EXERCISE INPUT>
____

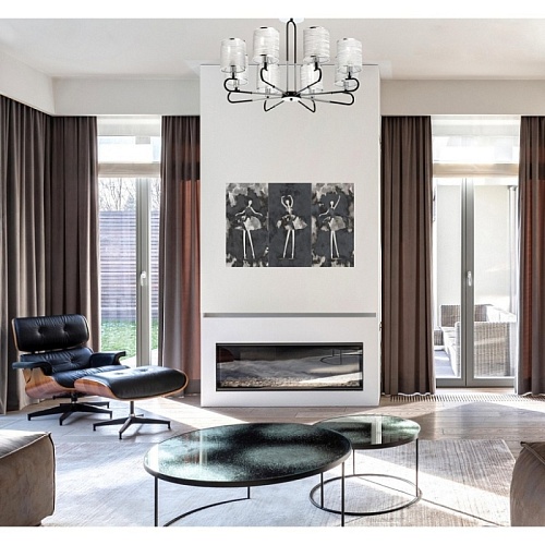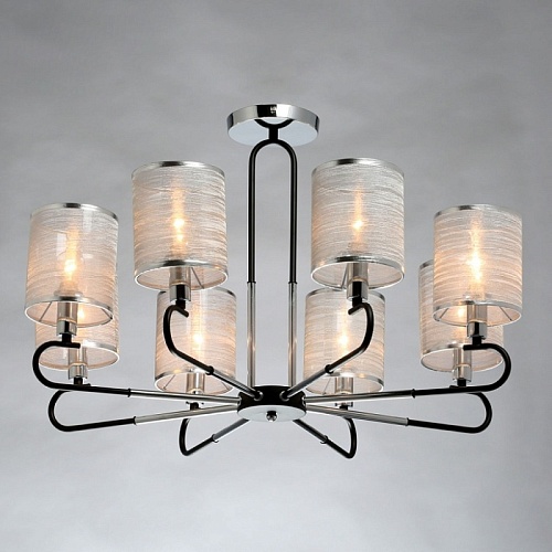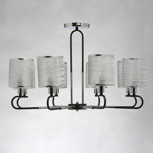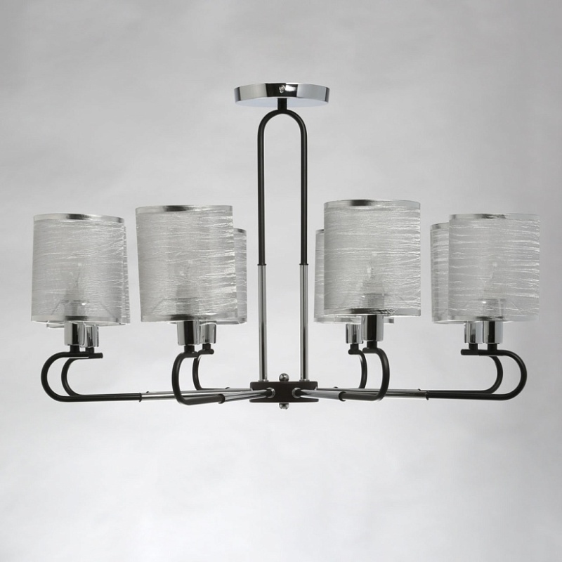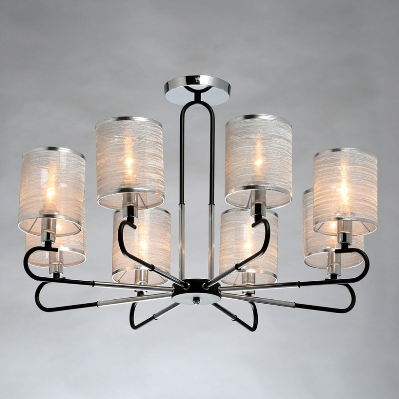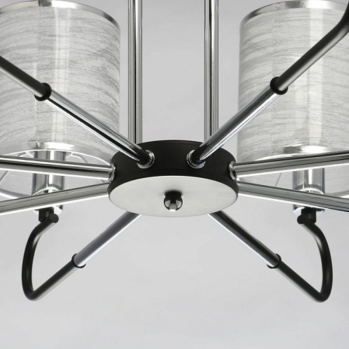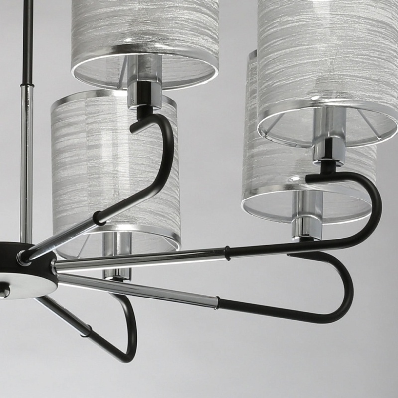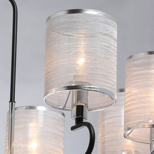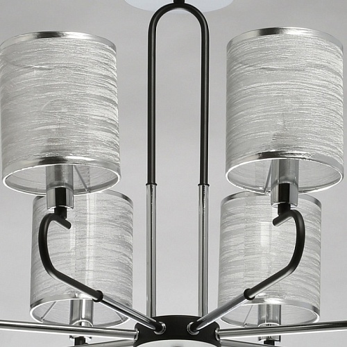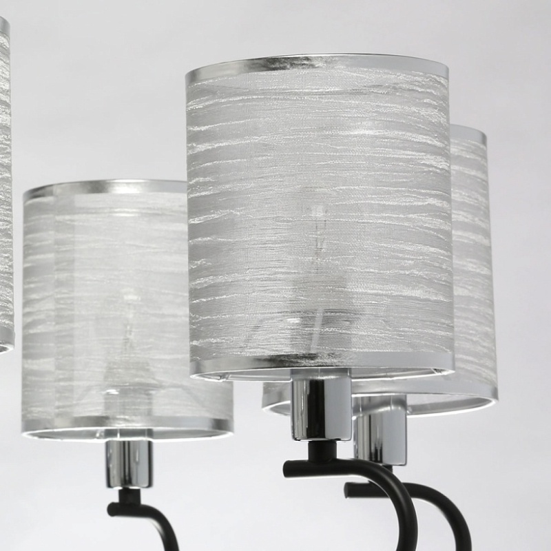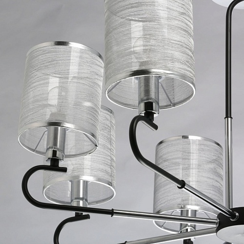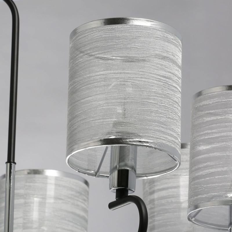 Основание светильника выполнено из металла и гальванизировано в цвет хрома. Отдельные элементы основания окрашены в черный цвет. Светильник декорирован двухслойными текстильными абажурами с термостойким акрилом внутри и жатой органзой серебряного цвета снаружи. Абажуры отделаны кантом серебряного цвета и прошиты.
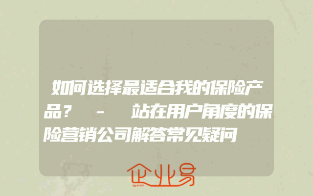 - 如何选择最适合我的保险产品? - 站在用户角度的保险营销公司解答常见疑问
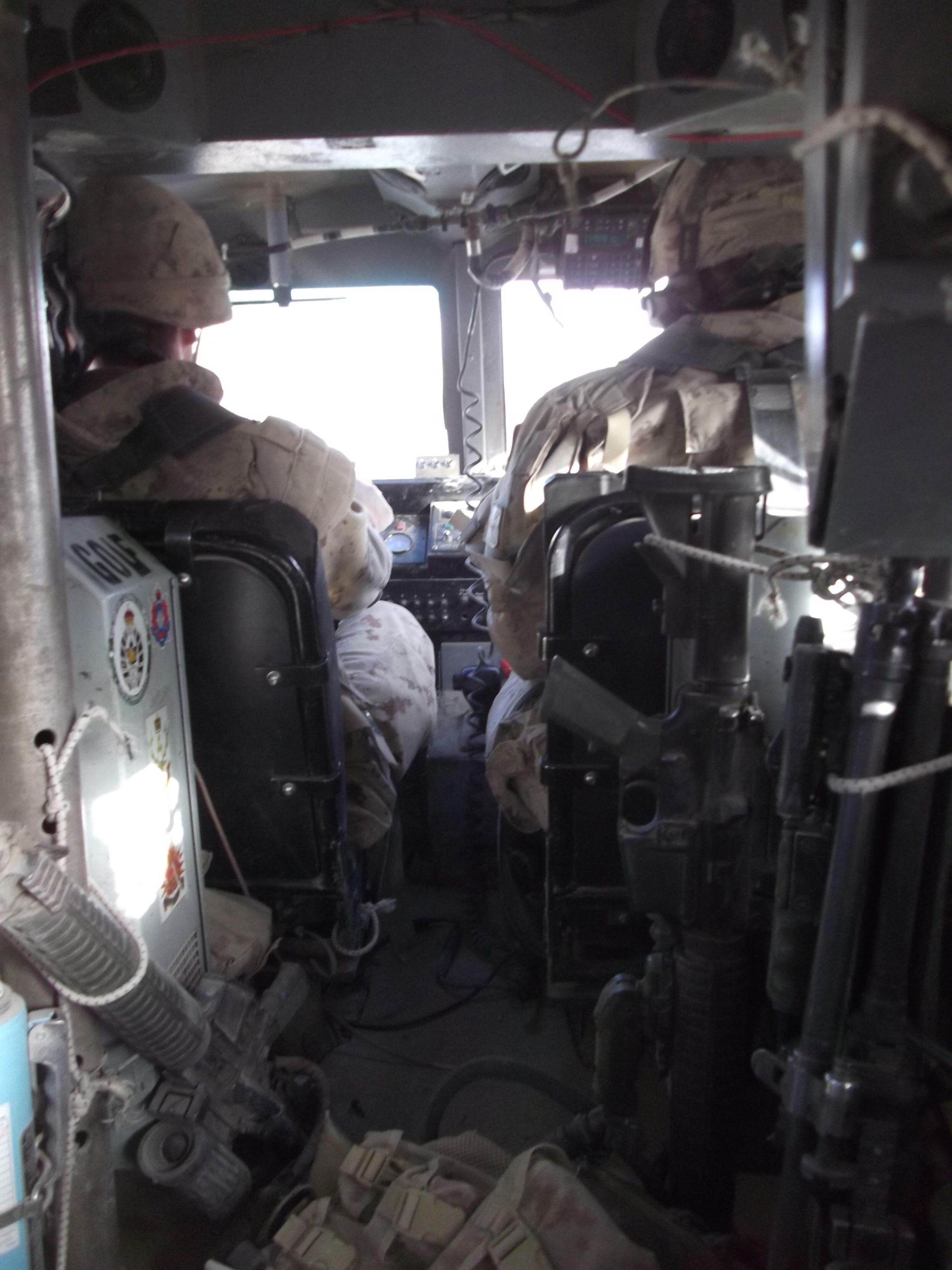 Photo taken in the driver and co-driver compartment of an RG33 Cougar Mine Resistant Ambush Protected (MRAP) infantry mobility vehicle. The crew are wearing a ballistic vest and helmet at all times, their personal weapons are within easy reach. The crew is in constant radio contact with other elements of the patrol.Photograph Details
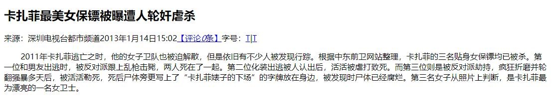 中国新闻2013年1月8日《卡扎菲美女卫队成员被捕遭折磨而死》
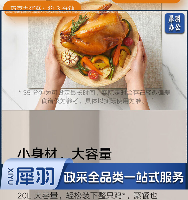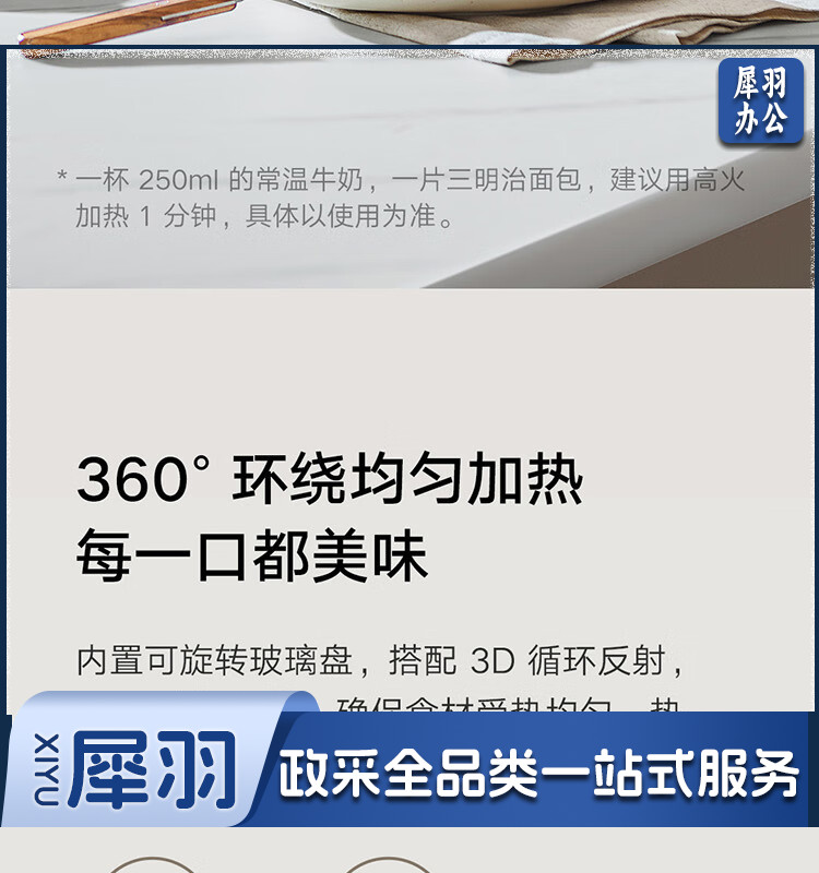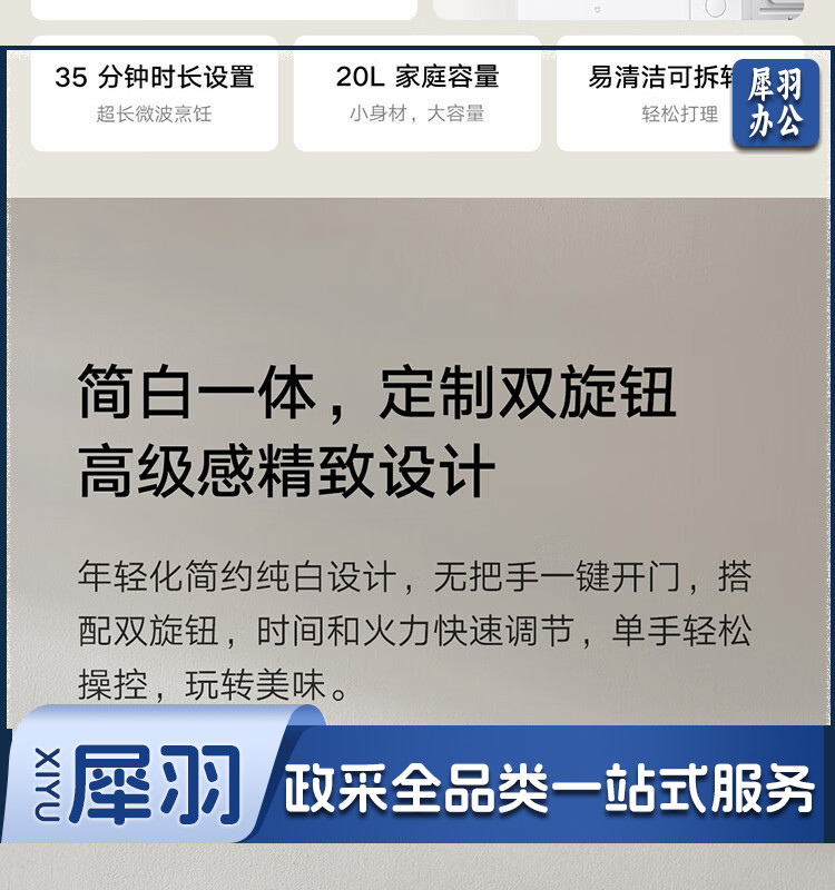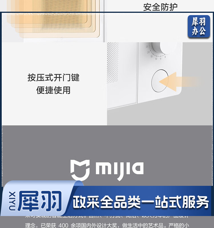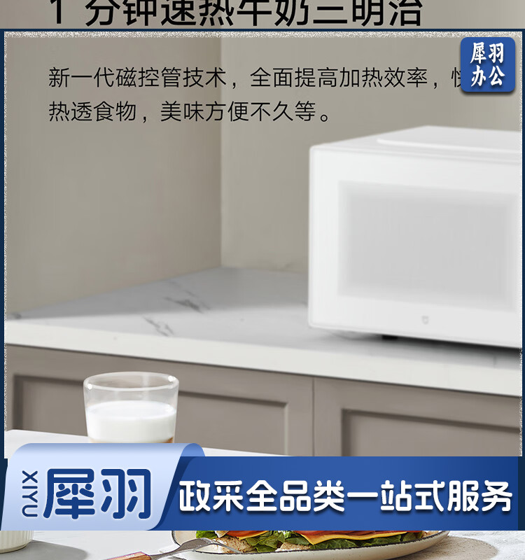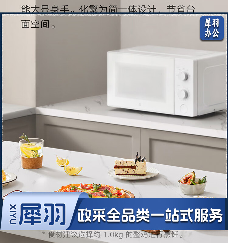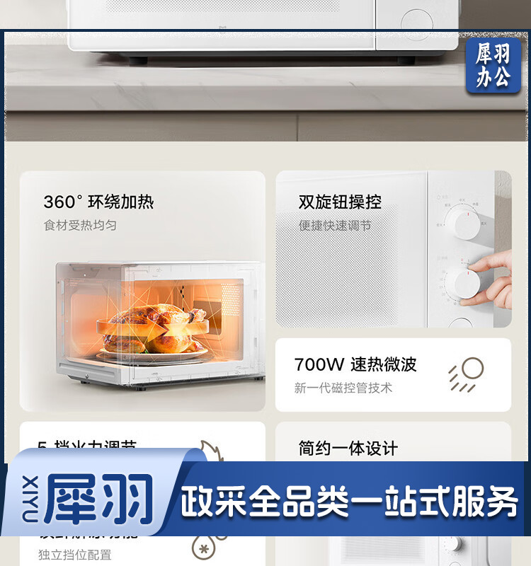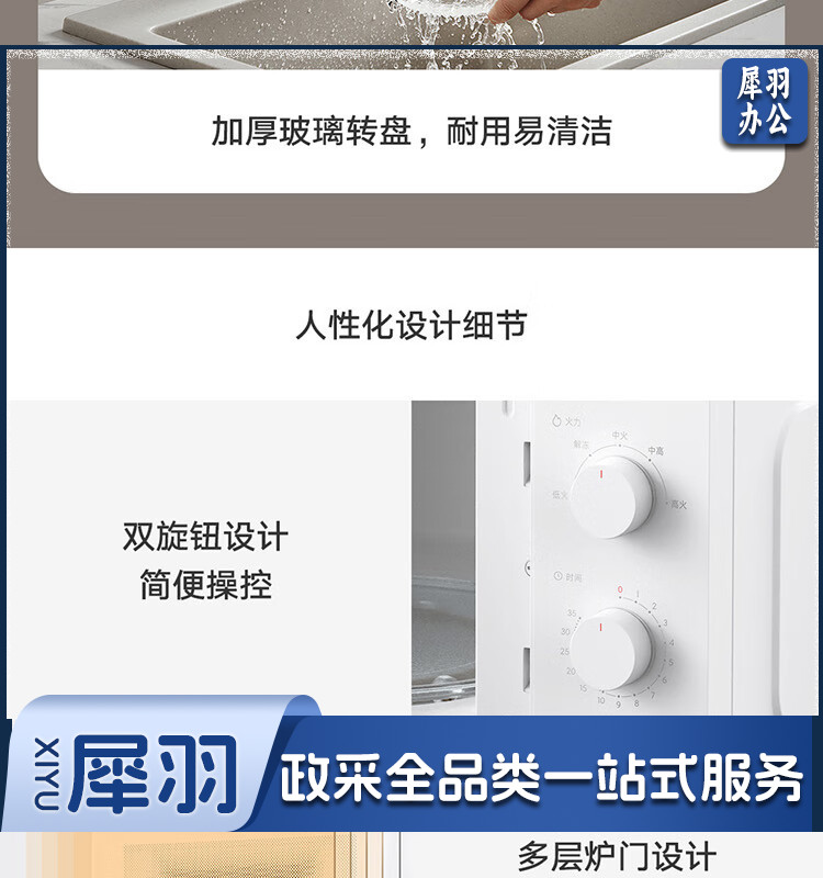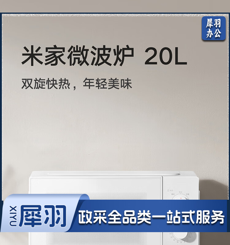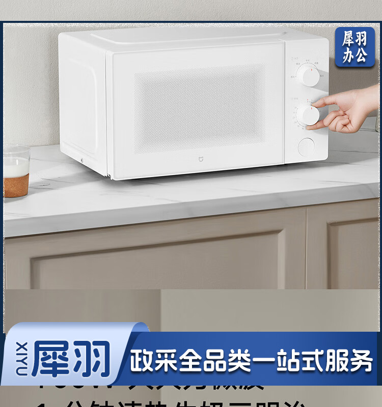 米家小米微波炉家用小型多功能 小尺寸可拆转盘式 大火力均匀加热 机械式双旋钮易操作 台式大容量20升
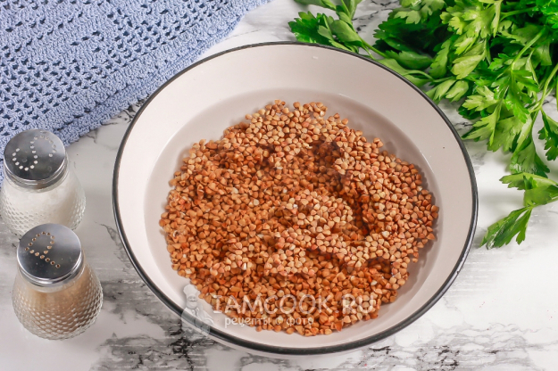 Возьмите необходимые ингредиенты для приготовления гречки с майонезом.
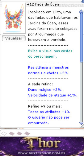 Inspirada em Lilith, uma das fadas que habitavam os Jardins do Éden, essas asas foram muito cobiçadas por Arquimagos que buscavam a verdade.
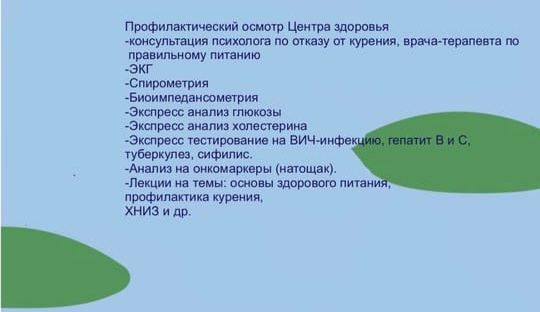 А еще ЭКГ и проверка легких (спирометрия), анализы крови (сахар, холестерин, риски инсульта/диабета), «Взвешивание будущего» – анализ тела на аппарате «Биоимпеданс» (жир/мышцы/вода), консультации врачей и психолога, информирует Минздрав Якутии.
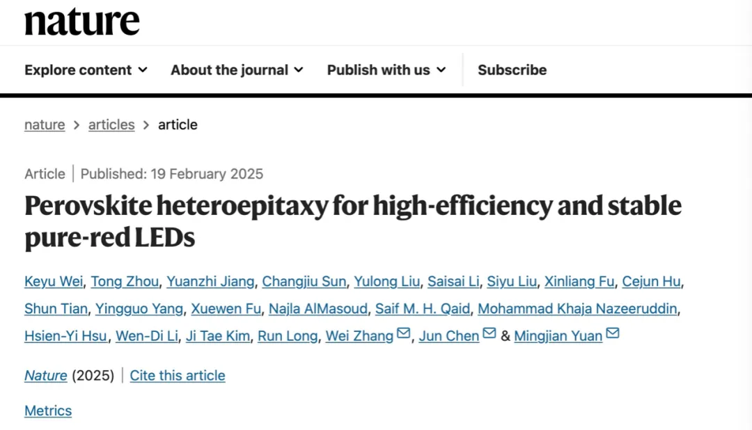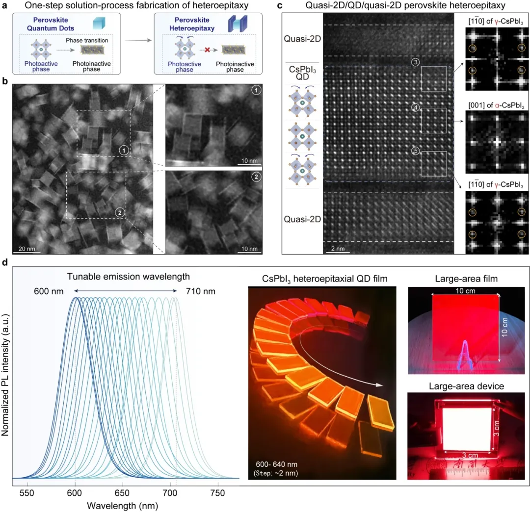 該研究題為“Perovskite heteroepitaxy for high-efficiency and stable pure-red LEDs”。團(tuán)隊(duì)針對(duì)新型鈣鈦礦超高清顯示技術(shù)中純紅光CsPbI3鈣鈦礦量子點(diǎn)材料相穩(wěn)定性差這一世界難題,率先提出“外延異質(zhì)結(jié)界面應(yīng)力操控”策略,首次利用全溶液法實(shí)現(xiàn)鈣鈦礦范德華外延異質(zhì)結(jié)的大面積原位可控制備,成功突破材料穩(wěn)定性與器件性能雙重瓶頸,研發(fā)出高效率與高穩(wěn)定性兼?zhèn)涞募兗t光鈣鈦礦電致發(fā)光器件 (LED),為下一代超高清顯示技術(shù)發(fā)展提供了關(guān)鍵技術(shù)支撐,標(biāo)志著在該領(lǐng)域的重大技術(shù)突破。

____

Could you output every record above exactly as written, leaving out the pictures?

RESULT OF THE EXERCISE>
 Основание светильника выполнено из металла и гальванизировано в цвет хрома. Отдельные элементы основания окрашены в черный цвет. Светильник декорирован двухслойными текстильными абажурами с термостойким акрилом внутри и жатой органзой серебряного цвета снаружи. Абажуры отделаны кантом серебряного цвета и прошиты.
 - 如何选择最适合我的保险产品? - 站在用户角度的保险营销公司解答常见疑问
 Photo taken in the driver and co-driver compartment of an RG33 Cougar Mine Resistant Ambush Protected (MRAP) infantry mobility vehicle. The crew are wearing a ballistic vest and helmet at all times, their personal weapons are within easy reach. The crew is in constant radio contact with other elements of the patrol.Photograph Details
 中国新闻2013年1月8日《卡扎菲美女卫队成员被捕遭折磨而死》
 米家小米微波炉家用小型多功能 小尺寸可拆转盘式 大火力均匀加热 机械式双旋钮易操作 台式大容量20升
 Возьмите необходимые ингредиенты для приготовления гречки с майонезом.
 Inspirada em Lilith, uma das fadas que habitavam os Jardins do Éden, essas asas foram muito cobiçadas por Arquimagos que buscavam a verdade.
 А еще ЭКГ и проверка легких (спирометрия), анализы крови (сахар, холестерин, риски инсульта/диабета), «Взвешивание будущего» – анализ тела на аппарате «Биоимпеданс» (жир/мышцы/вода), консультации врачей и психолога, информирует Минздрав Якутии.
 該研究題為“Perovskite heteroepitaxy for high-efficiency and stable pure-red LEDs”。團(tuán)隊(duì)針對(duì)新型鈣鈦礦超高清顯示技術(shù)中純紅光CsPbI3鈣鈦礦量子點(diǎn)材料相穩(wěn)定性差這一世界難題,率先提出“外延異質(zhì)結(jié)界面應(yīng)力操控”策略,首次利用全溶液法實(shí)現(xiàn)鈣鈦礦范德華外延異質(zhì)結(jié)的大面積原位可控制備,成功突破材料穩(wěn)定性與器件性能雙重瓶頸,研發(fā)出高效率與高穩(wěn)定性兼?zhèn)涞募兗t光鈣鈦礦電致發(fā)光器件 (LED),為下一代超高清顯示技術(shù)發(fā)展提供了關(guān)鍵技術(shù)支撐,標(biāo)志著在該領(lǐng)域的重大技術(shù)突破。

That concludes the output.